Thymidylate synthase (TS) is an essential enzyme for DNA synthesis and is a target for anticancer and antimicrobial drugs. The major goal of this proposal is to understand the structural correlates of TS function, which will ultimately improve efforts to design more potent and specific inhibitors of the enzyme or use as drugs. The roles proposed for certain amino acid residues in TS, based upon its known three- dimensional structure, will be tested by making site-directed mutant variants of the enzyme and quantitating their kinetic and structural differences with the wild type enzyme. Random mutagenesis will be used to identify additional residues involved in catalysis and in nucleotide and folate binding, and residues that are essential for the structural integrity TS. This information will be essential to understanding the extensive conformational changes which TS undergoes during catalysis. X-ray diffraction studies of certain variants of TS will be performed in collaboration with colleagues at the University of California, San Francisco. Parallel mutagenesis studies will be conducted on another enzyme, dCMP hydroxymethylase (CH), which catalyzes a reaction which is similar but distinct from that catalyzed by TS. The strategy is to compare the structural correlates of the functions of these two enzymes, in order to understand the stereochemical factors that determine the catalytic specificity of each. The amino sequence of CH, an essential enzyme for DNA synthesis by bacteriophage T4, indicates that CH and TS are structural homologs. The initial site-directed mutagenesis experiments on CH, the three-dimensional structure of which is unsolved, will be based on the presumed structural homology between CH and TS. Attempts will be made to crystallize CH, for x-ray structural study in collaboration with colleagues at the University of Oregon, Eugene. Kinetic approaches previously used to unravel the TS mechanism will be employed with CH to test the hypothesis that the two enzymes share certain mechanistic features, and to reveal aspects of their mechanisms that differ. The kinetic studies will in addition provide quantitative monitors, which already exist for TS, of the changes which are effected by mutagenesis of CH. The comparison of TS and CH will reveal basic principles of enzyme design.
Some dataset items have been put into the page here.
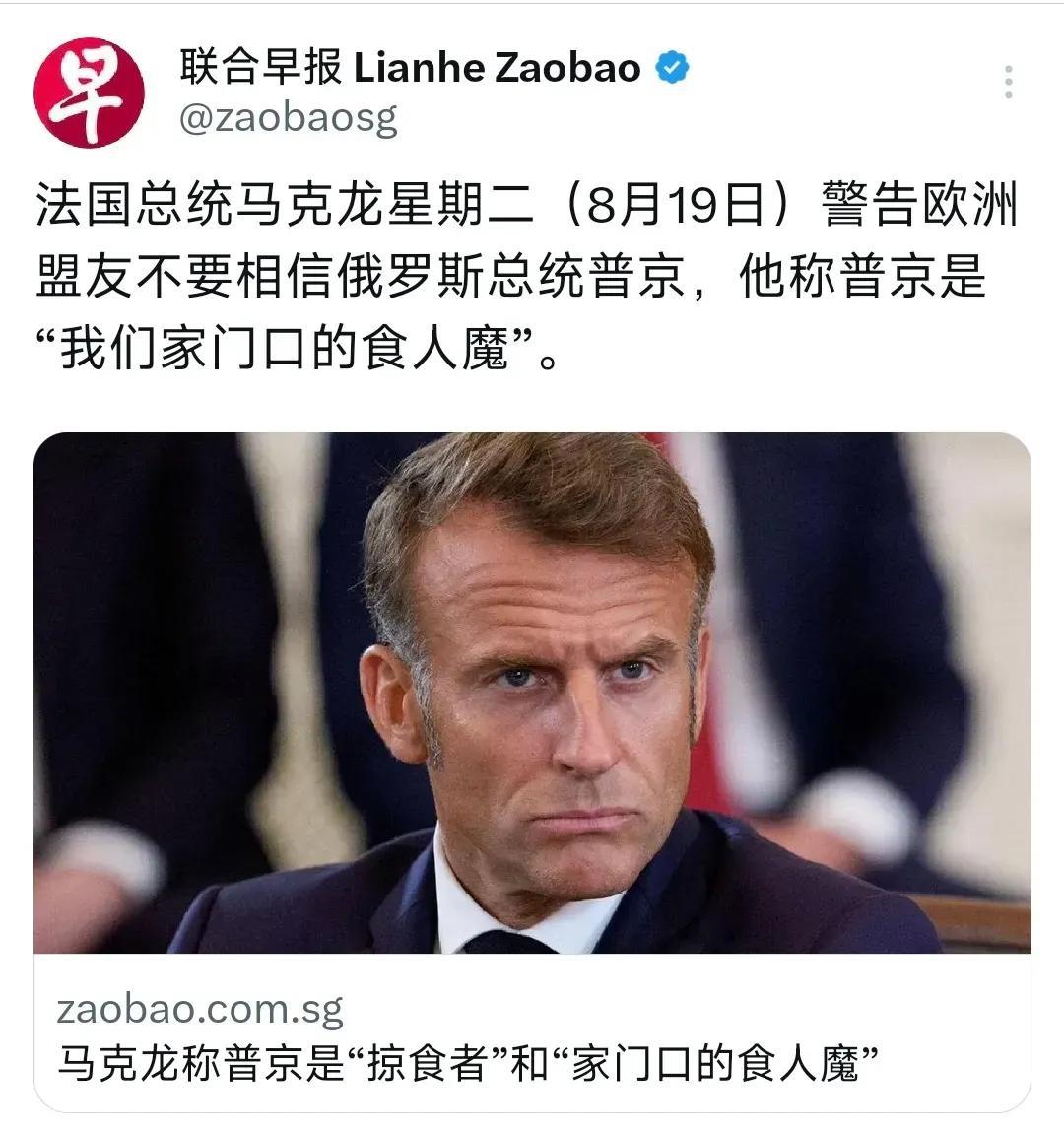 新加坡联合早报昨晚(8月19日)报道:“法国总统马克龙星期二(8月19日)警告欧洲盟友不要相信俄罗斯总统普京,他称普京是‘我们家门口的食人魔’。” 就像欧洲不再相信自奉的“欧洲领导人”一样,法国这两年总是“嘴炮过剩,援乌退后”,德国半年内援乌近150亿美元,法国呢?除了嘴炮还是嘴炮。马克龙称“法国已经倾尽所有,对乌援助已到极限”,靠喊口号只能让乌克兰领土越来越少,人员伤亡越来越多。
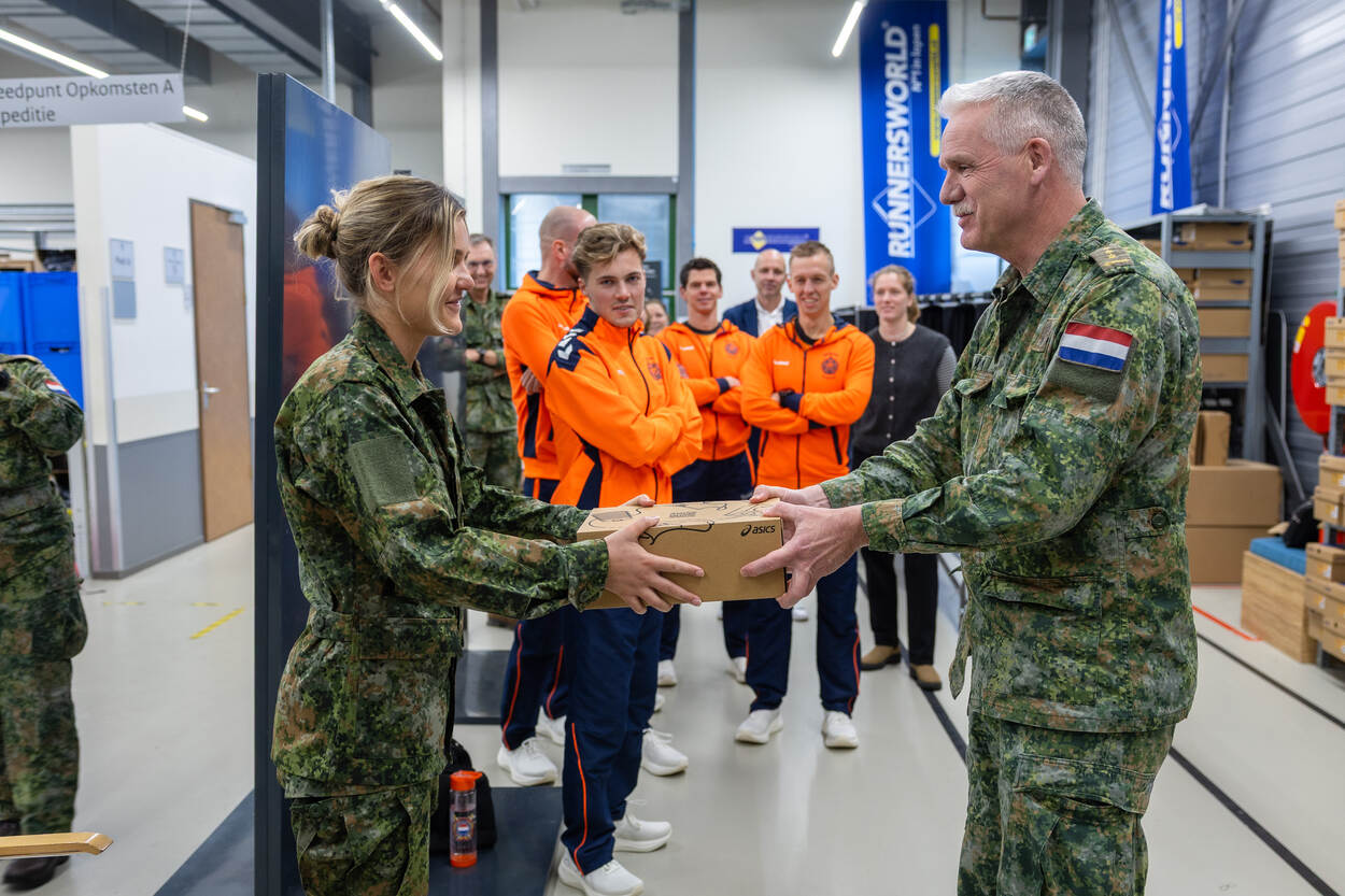 De commandant KPU-bedrijf, kolonel Jan Vonk, draagt het eerste paar sportschoenen over aan aankomend onderofficier Tessa. Op de achtergrond kijkt de militaire atletiekploeg toe.
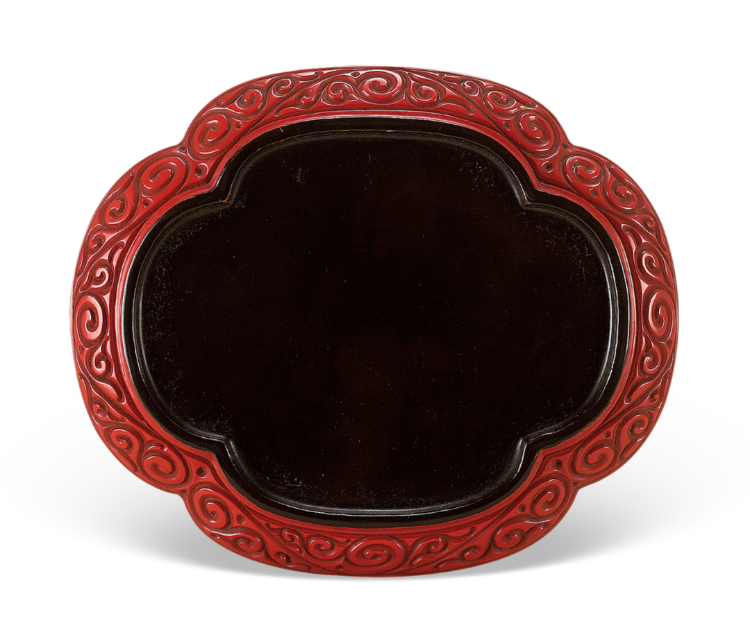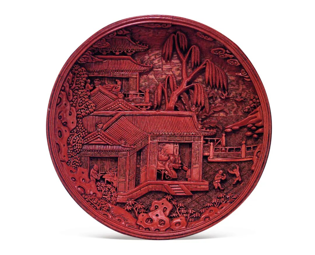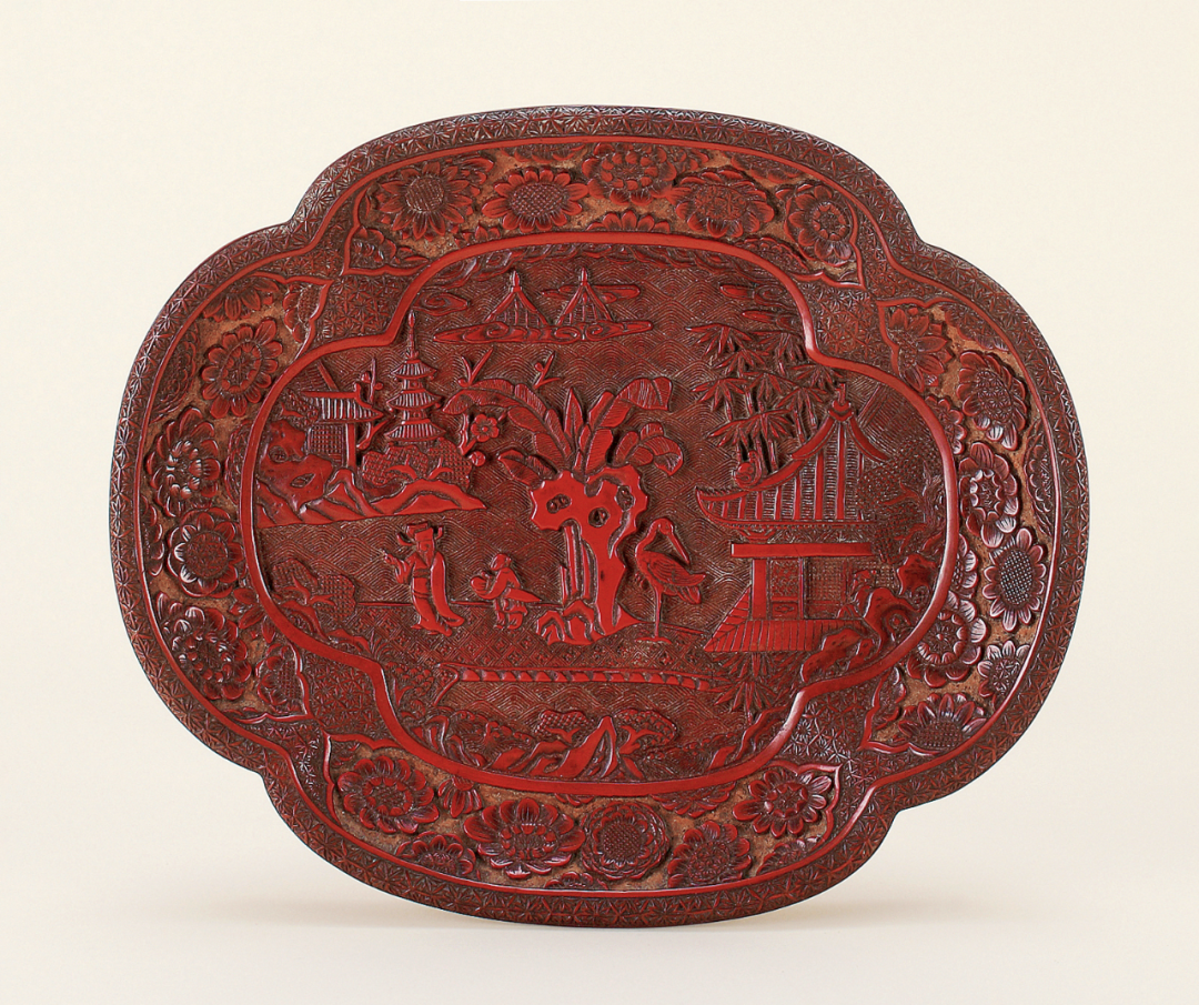 此盘通体髹朱漆,剔漆而制,呈海棠形,口沿微敛,沿口处起棱边,浅弧腹,圈足。盘心雕饰以远山、烟林为景,一主一仆行走其间。前方山林延绵,正中一棵苍松扎根于嶙峋怪石上,树干挺拔,枝叶繁茂,巧妙填补了盘心的空白。此盘漆层厚实,漆色深沉,盘底髹黑漆,上有断纹,平添斑驳古旧之感。剔红,元时有张成、杨茂为此法名手。明朝建立以后,由于皇室的喜爱及对外赏赐的需要,剔红漆器得到了较快发展,明代的宫廷剔红作品,继承了元代器物造型端庄、用漆精良等特点,并在精细程度上有过之而无不及。
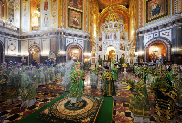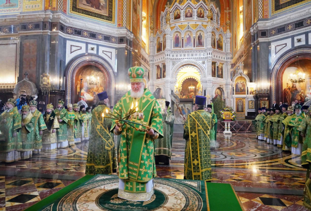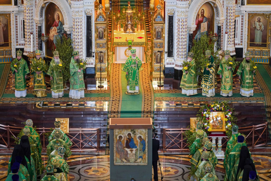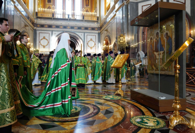 По прибытии в храм Предстоятель Русской Православной Церкви поклонился иконе Святой Троицы, написанной преподобным Андреем Рублевым, которая в день праздника была принесена в Храм Христа Спасителя и установлена в центре храма для поклонения верующих.
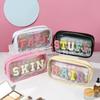 Nova Carta Bordada Transparente Bolsa de Higiene Portátil Viagem Transparente Cosmético Bolsa PVC Armazenamento À Prova D' Água
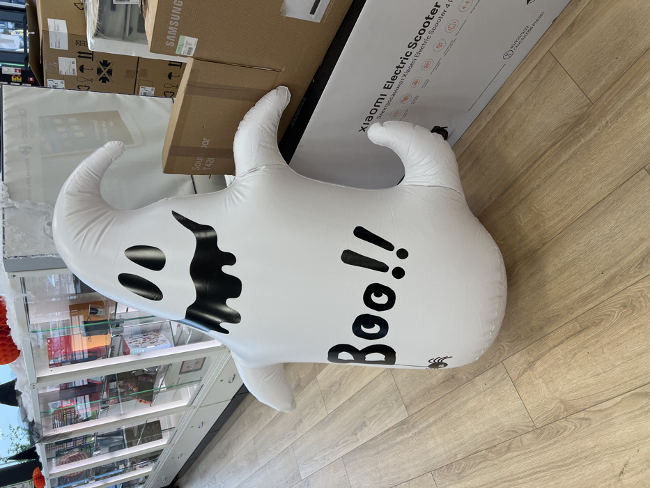 The image displays an interior retail scene, identifiable as a Carrefour hypermarket in Hérouville-Saint-Clair, France, based on a partial "Carrefour" logo visible on a white sign in the background. A large, white, inflatable Halloween ghost decoration stands prominently on a light wood-grain floor. The ghost features black oval eyes, a jagged black mouth, the printed text "Boo!!" in black, and a small black spider graphic near its base. To the left of the ghost, a row of illuminated glass display cases, framed in white, extends along a wall, showcasing various electronic devices and packaged goods. Above these cases, sparse Halloween decorations include a black witch's hat and an orange honeycomb paper lantern. To the right of the ghost, multiple cardboard boxes are stacked, with visible branding including "Sounbar T42i", "SAMSUNG", and "Xiaomi Electric Scooter 4 Pro". No individuals are present in the static scene.
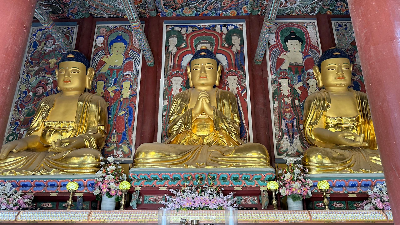 내부도 웅장하다. 앉은키가 각각 5미터, 4.9미터, 4.7미터로 우리나라에서 가장 큰 부처님 세 분이 있다.
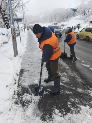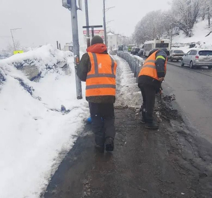 Днём к работе приступили бригады ручного труда: они расчищали тротуары, остановки общественного транспорта и пешеходные переходы на улицах Сапун-гора, Океанская, Петропавловское шоссе, Индустриальная и Красная сопка.

胸苷酸合酶 (TS) 是 DNA 合成和合成过程中必需的酶 是抗癌和抗菌药物的靶点。 主要目标是 这个建议是为了理解 TS 功能的结构相关性， 这最终将改进设计更有效和更具体的努力 该酶的抑制剂或用作药物。 提议的角色 TS 中的某些氨基酸残基，基于其已知的三- 维度结构，将通过制作定点突变体来测试 酶的变体并定量其动力学和结构 与野生型酶的差异。 将使用随机诱变 鉴定参与催化和核苷酸的其他残基 和叶酸结合，以及结构所必需的残基 完整性 TS。 这些信息对于理解 TS 在催化过程中经历广泛的构象变化。 TS 某些变体的 X 射线衍射研究将在 与加州大学圣何塞分校的同事合作 弗朗西斯科. 将对另一种酶 dCMP 进行平行诱变研究 羟甲基酶（CH），它催化类似的反应，但 与 TS 催化的不同。 策略是比较 这两种酶的功能的结构相关性，以便 了解决定催化作用的立体化学因素 每个的特殊性。 CH 的氨基酸序列，一种必需的酶 噬菌体 T4 的 DNA 合成表明 CH 和 TS 是 结构同系物。 最初的定点诱变实验 在CH上，其三维结构未解，将是 基于 CH 和 TS 之间假定的结构同源性。 尝试 将使CH结晶，用于X射线结构研究 与俄勒冈大学尤金分校的同事合作。 先前用于解开 TS 机制的动力学方法将是 与 CH 一起使用来检验这两种酶共有的假设 某些机械特征，并揭示其机制的各个方面 有所不同。 动力学研究还将提供定量 监视已存在的 TS 所发生的变化 通过CH的诱变。 TS 和 CH 的比较将揭示基本 酶设计原理。